Is this AI generated?
Nope, just me! 😊
Back on Reddit, I was a co-mod of a sub with the guy who founded the “transcribers of Reddit”, and that helped instill in me an appreciation for the value of accessibility.
It’s not too hard to do and I’d encourage anyone to give it a go. There’s no need for perfection, and you get a better sense of it as you get used to doing it.
Mastodon and Pixelfed both yell at users to provide alt text for their own posts, but unfortunately Lemmy’s devs don’t seem to have quite the same care for accessibility.
no? or do you mean the transcript
The transcript, yeah.
Probably not. I think most of these are human volunteers
You’re right, it’s just me 😊
Volunteer singular, maybe. It’s the same person on every post I’ve seen today.
To me it just doesn’t seem to satisfy the purpose of alt text. It reads a lot more like an LLM being asked to visually describe what it sees. It’s too verbose.
Sure, and yes, it’s literally doing what alt text would do, for the same purpose (i.e. describe the image for the visually impaired). The “style” of these that I’ve seen (not just here) is pretty verbose, so I don’t think that’s necessarily an indication of llm use. Obviously I can’t prove it either way, but I’d rather give these the benefit of the doubt, since this is useful work if it helps people follow along.
The visually impaired don’t really get anything from descriptions like “in a wider shot” though, nor is “now with no visible mouth” a relevant detail because the style of the comic does not depict any character with a mouth unless they are speaking. That’s LLM logic.
I actually tend to do these less verbose than what I’ve seen is common with others. I concentrate first on getting across the specific message of the post, and second on describing details that help get across the mood.
The wide shot is an important detail, because it explains why we didn’t see the other subjects in the first frame. The lack of visible mouth felt important to me because it contrasts with the smile in the first frame, the lack of smile (or indeed any mouth) gives it a weirder feeling.
Your initial comment seemed like a fairly innocent question and I was happy to answer it, but seeing the thread continue, it’s looking more like a baseless accusation. And that’s dickhead behaviour. Don’t do that. To me, or to others. It’s extremely rude, and honestly provides nothing of value. It’s especially galling to be accused when I’m spending my effort trying to make this a more inclusive space.
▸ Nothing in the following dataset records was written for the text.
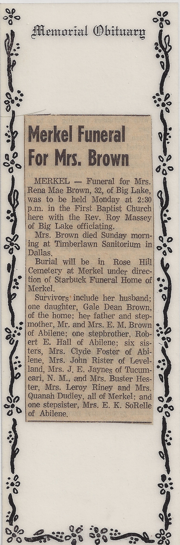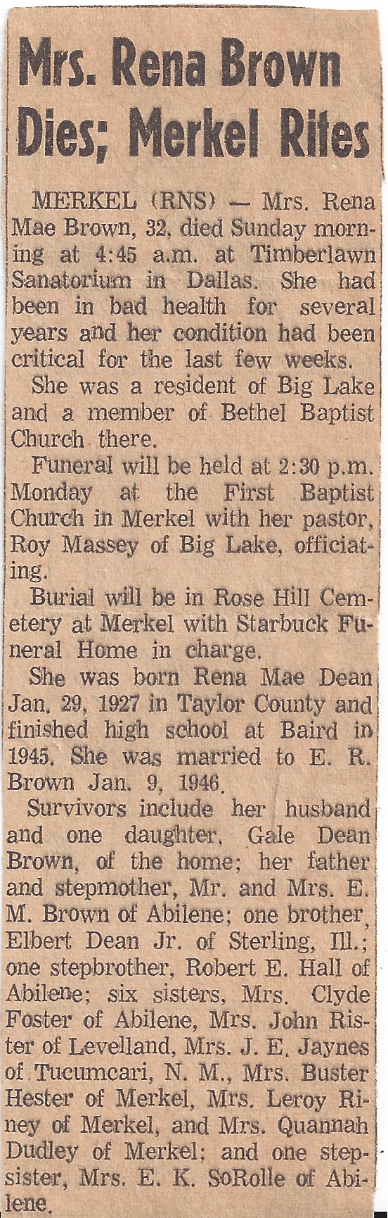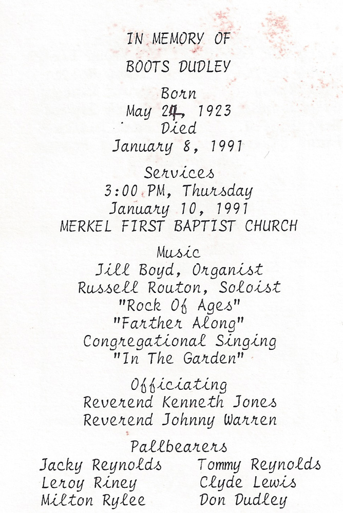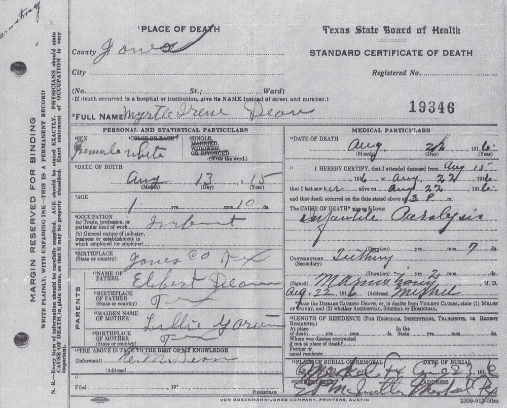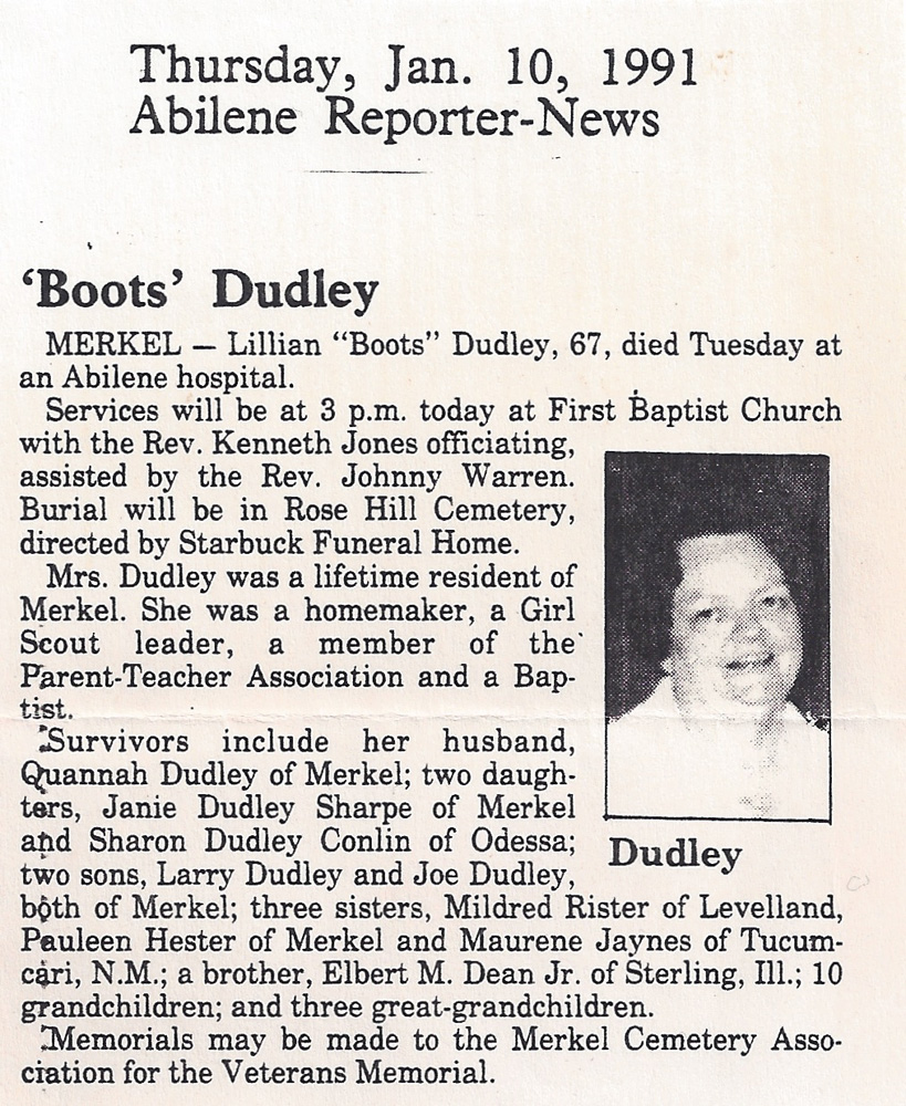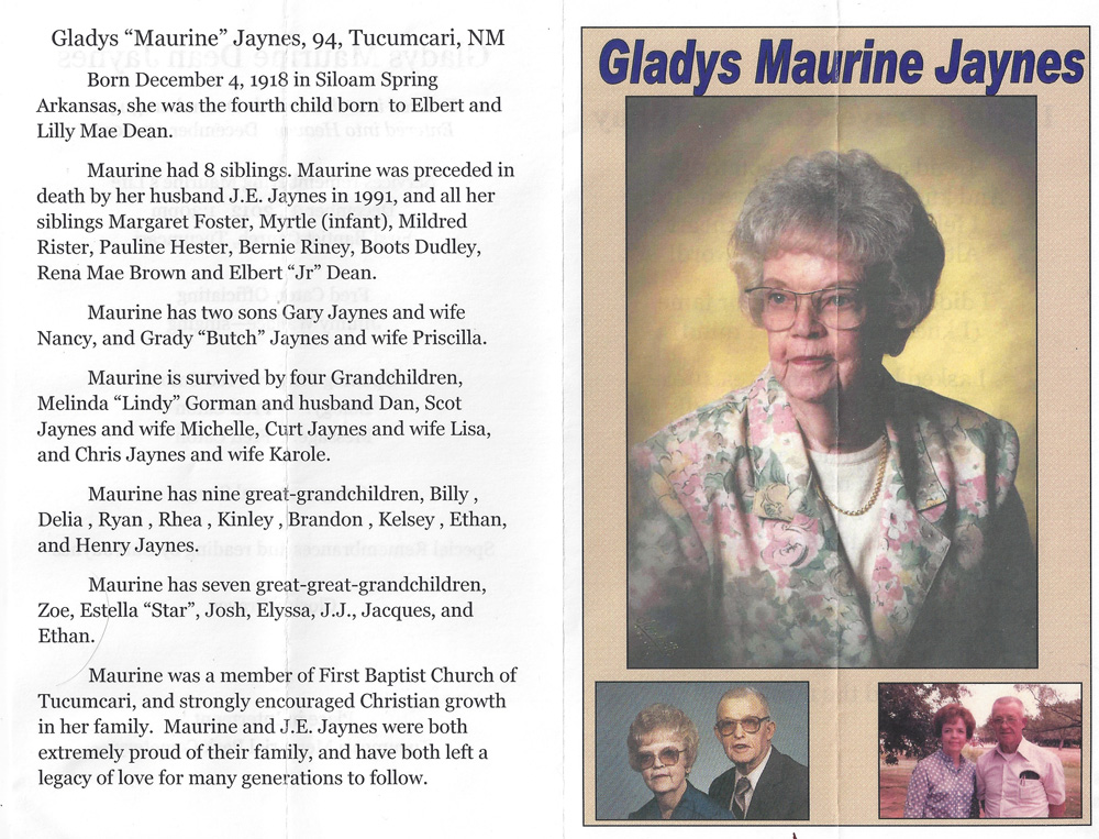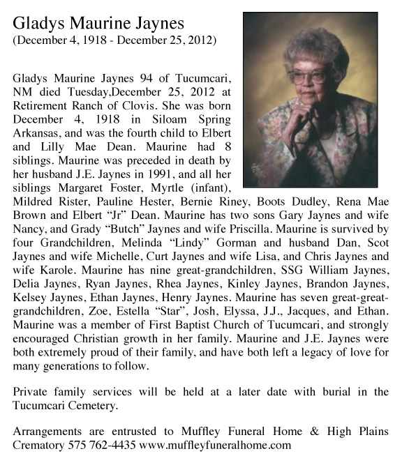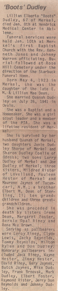 Father's Parents: Richard Hulan Dean & Lizzie Ellen Reeves Dean Mother's Parents: Charles Angus Garvin & Laura Etta Witherspoon Garvin Father & Mother: Father: Elbert M. Dean, Sr. (1890-1965) Mother: Lillie Mae Garvin Dean (1891-1944) Children: #1: Lena Margaret Dean Foster (1914-1974) Family, Daughter, Obit, Obit 2 #2: Myrtle Irene Dean (1915-1916) Death Certificate #3: Mildred Faye Dean Rister (1917-2003) Obit, Funeral #4: Gladys Maureen Dean Jaynes (1918-2012) Obit, Cover, Funeral #5: Eula Pauline Dean Hester (1920-2001) Memory #6: Bernie Opal Dean Riney (1921-1961) Wedding, Boys #7: Lillian Elberta "Boots" Dean Dudley (1923-1991) Obit, Obit 2, Funeral #8: Rena Mae Dean Brown (1927-1959) Obit, Obit 2 #9: Elbert Marshall Jr. (1929-2011) |
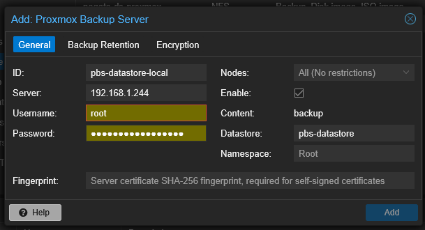 - server สามารถใส่ ip ของ pbs lxc ได้เลยไม่ต้องใช้ ip ของ tailscale
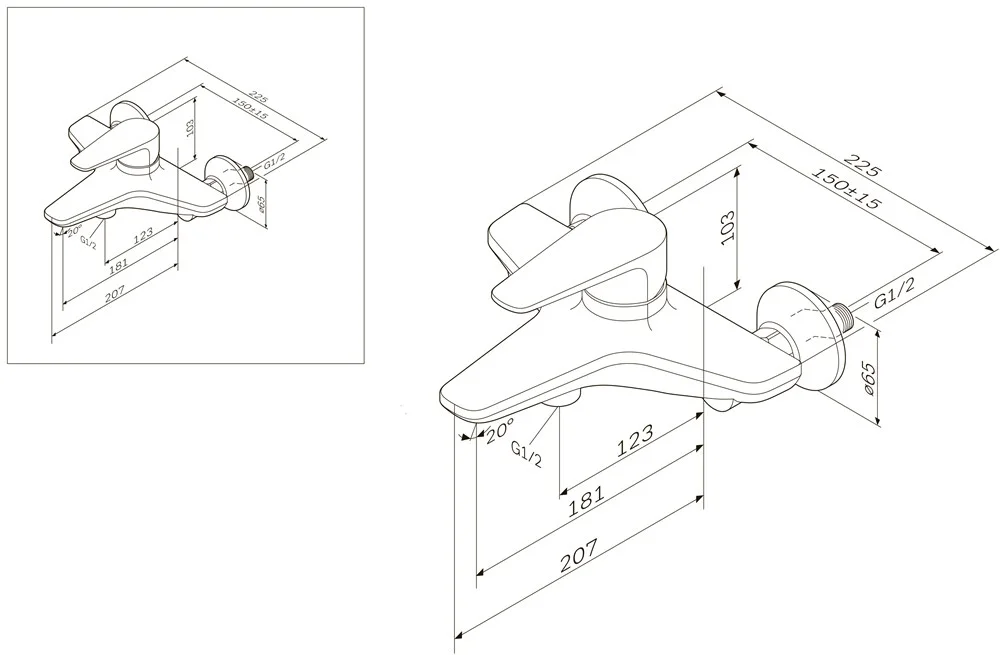 Идеальное сочетание пневматического переключения «душ-ванна» с механическим: 100%-ное срабатывание даже при низком напоре воды.

Not baseless, I explained my reasoning. If you say it’s not the case, that’s fine.
I’m sorry, but “he described the people with no mouths as having no mouths” is a bullshit reason. Just…don’t make accusations like that. It’s a shitty thing to do.
If you want to ask a polite question, that’s one thing, but going on and on through a thread trying to persuade someone else of a completely baseless and unfair accusation is really low behaviour.
And if you had been right, what then? What would you have gained? Weigh the consequences of your actions. When the potential upside is almost-nil, and the probability you’re right is a complete toss-up, it’s not worth it.
Yeah, that’s fair. The mouth description probably seals it for me. I think it’d be more useful to describe the overall “nonplussed” expression than the literal description.